Antes de seguir debo confirmar que no estoy durmiendo. Lo hago abriendo bien los ojos, lo que me hace ver las cosas en detalle, especialmente las líneas y el color blanco invierno de las puertas. Hasta ese momento siempre avancé por la puerta delantera, creyendo que bastaría invertir el proceso para volver al principio. Ahora he decidido girar una manilla lateral. Así es como logro salir del barco y bajar a tierra, donde nos espera el mar, a ella y a mí.
Es una inclinación bastante molestosa; hay que hacer fuerza con las pantorrillas para no resbalar e irse de bruces.
Nos precede una mujer a la que llevan atada de una cuerda; la multitud festina con su suerte. Bajamos todos por ese camino de tierra dura y húmeda. Al borde del camino, una arboleda difusa. Al borde izquierdo, un vacío. Abajo la esperan los carabineros, delante de la multitud. Se percibe una vibración en el ambiente. Son varios funcionarios vestidos de verde, abrigados por el frío de la tarde.

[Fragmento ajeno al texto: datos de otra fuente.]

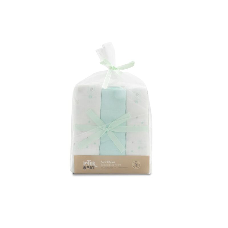 INTERBABY PACK 3 GASAS BAMBÚ BEAR MENTA

Ella y yo nos distanciamos un poco para no ser confundidos, atrapados a los pies de la meta. Resuelvo que caminemos como dos personas de mediana edad, de modo de llegar al mar como una pareja de burgueses tomados del brazo, lo que en efecto nos salva del hostigamiento policial.
¡Ah, el mar! ¡Por fin el mar! ¡Volver a mis orígenes!
Piso ansioso unas piedras mientras me voy hundiendo en el agua. Me incomodan los zapatos, tan apretados, y la casaca de cuero. Pero son inconvenientes pasajeros y una vez que sea pez todo aquello habrá desaparecido, toda carcasa material, todo despojo del hombre que antes fui.
Sí, ya en el agua, pero... ¿y ella? ¿Cómo saber quién es entre decenas, cientos de peces que comienzan a rodearnos, dándonos la bienvenida?
Es el viaje definitivo; no podemos darnos el lujos de separarnos, de extraviarnos entrando al objetivo, al inicio del vasto e invisible horizonte oceánico.
Entonces distingo al rojo pececillo; lo acojo en la cuenca de mis manos. Reconozco en sus ojos, sus aletas y el lomo de su cuerpo a la compañera de mi vida.
Ahora sí estamos en condiciones de adentrarnos en el azulado paraíso.